## [Data]

------------------------------------

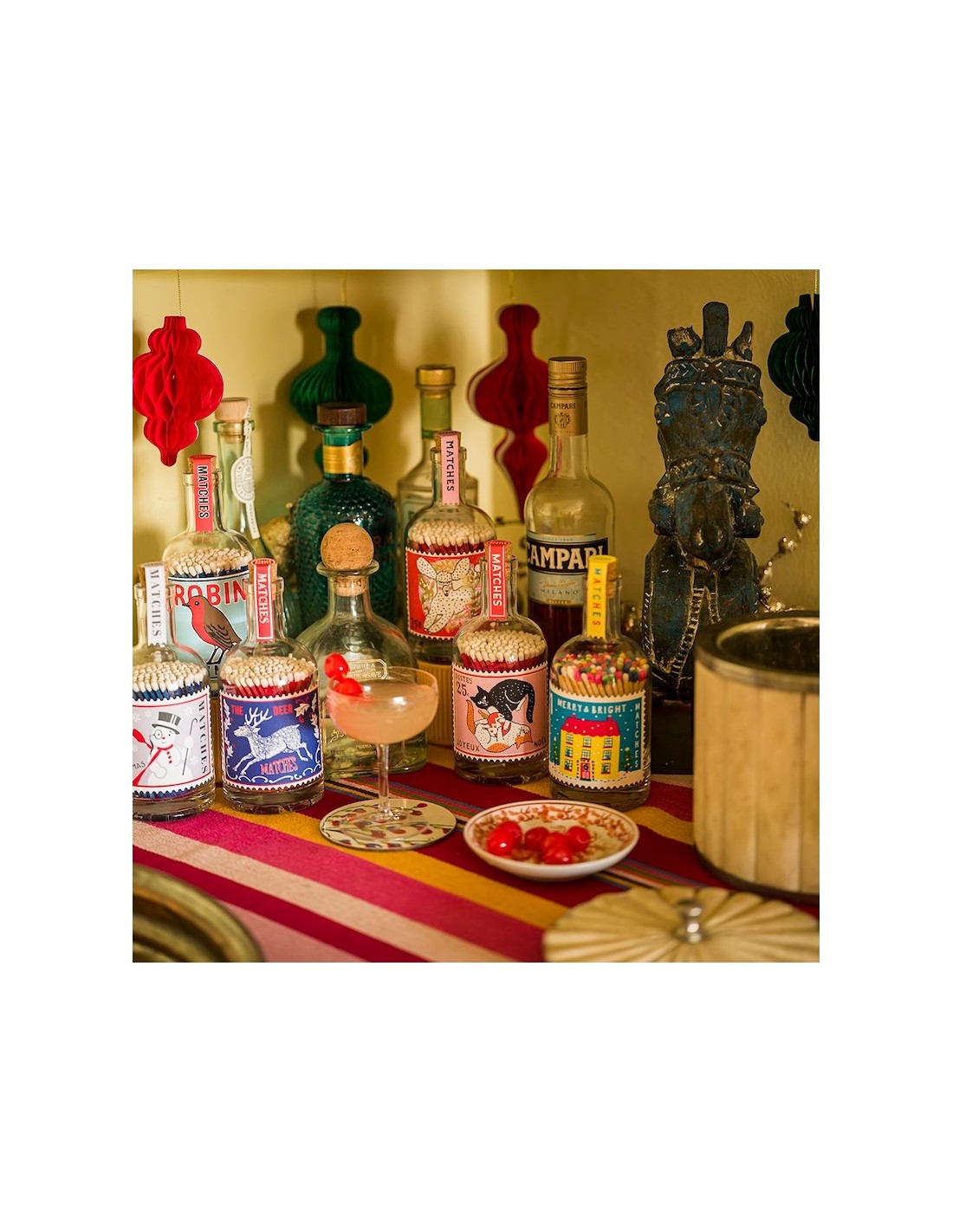 La bouteille "Season’s Greetings" apporte une touche joyeuse et chaleureuse à vos célébrations de fin d’année. Ornée d’une étiquette aux tons rouges et dorés, décorée d’un lapin festif, elle combine parfaitement esprit vintage et atmosphère de Noël. En verre avec bouchon en liège, elle renferme des allumettes en bois aux tiges rouges, prêtes à allumer vos bougies ou votre cheminée.
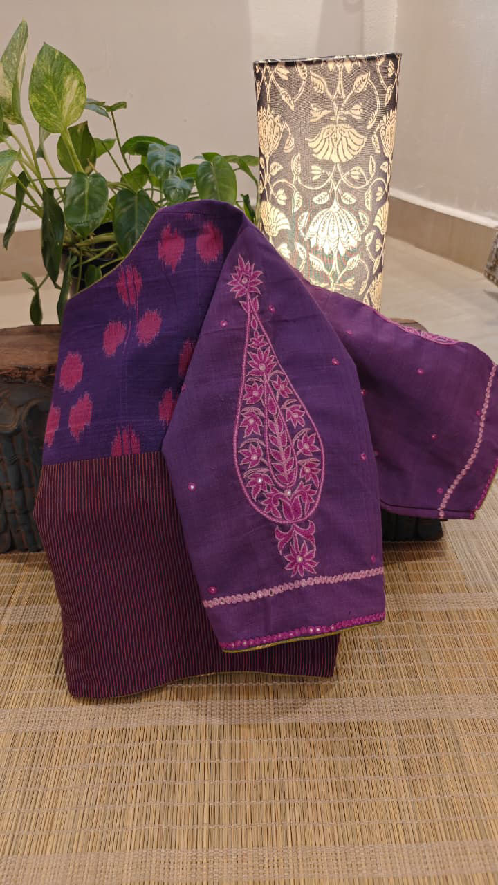 Shades of violet come together in a medley of handwoven textures. Finished with a classic motif embroidered on the sleeves – a timeless creation from our Blocks & Weaves line at Svasa. 🌿πŸͺ‘
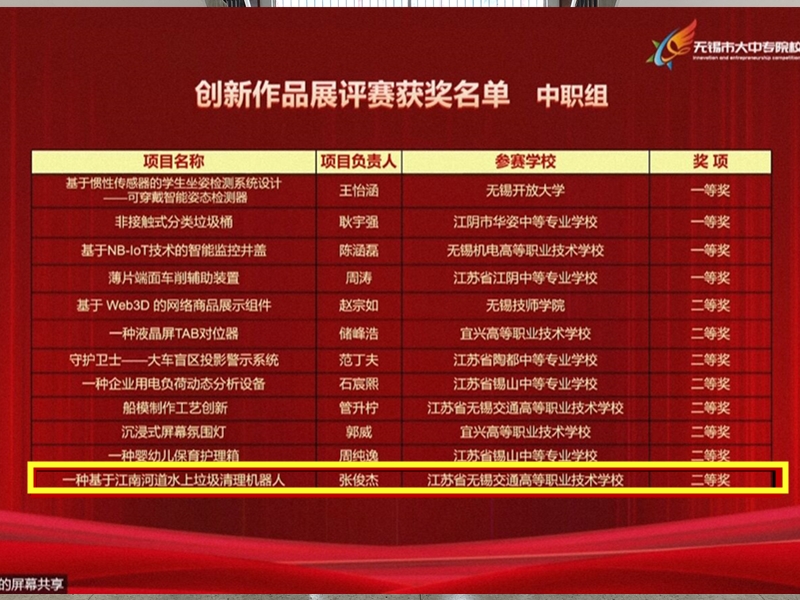 “创响无锡”2021年无锡市大中专院校创新创业大赛自2021年6月启动以来,学院积极响应,师生踊跃参赛。经过层层选拔和激烈角逐,许多优秀项目或个人在大赛中崭露头角,获得各项创业专项赛荣誉。在创新作品展评赛中,信息管理学院的《一种基于江南河道水上垃圾清理机器人》获二等奖,项目负责人211612班张俊杰同学在余老师的精心指导下,克服困难,刻苦训练,不断提高自身。在大赛中,张俊杰同学激情满怀,充分展现了学院学子在创新创业过程中的所见、所闻、所思、所悟,表达了学院学子传承工商精神,推进创新创业的决心和勇气。

------------------------------------

Starting from the line that contains "Shades of violet", transcribe exactly each line down to the final line of the material above, excluding every picture and adding nothing else.

 Shades of violet come together in a medley of handwoven textures. Finished with a classic motif embroidered on the sleeves – a timeless creation from our Blocks & Weaves line at Svasa. 🌿πŸͺ‘
 “创响无锡”2021年无锡市大中专院校创新创业大赛自2021年6月启动以来,学院积极响应,师生踊跃参赛。经过层层选拔和激烈角逐,许多优秀项目或个人在大赛中崭露头角,获得各项创业专项赛荣誉。在创新作品展评赛中,信息管理学院的《一种基于江南河道水上垃圾清理机器人》获二等奖,项目负责人211612班张俊杰同学在余老师的精心指导下,克服困难,刻苦训练,不断提高自身。在大赛中,张俊杰同学激情满怀,充分展现了学院学子在创新创业过程中的所见、所闻、所思、所悟,表达了学院学子传承工商精神,推进创新创业的决心和勇气。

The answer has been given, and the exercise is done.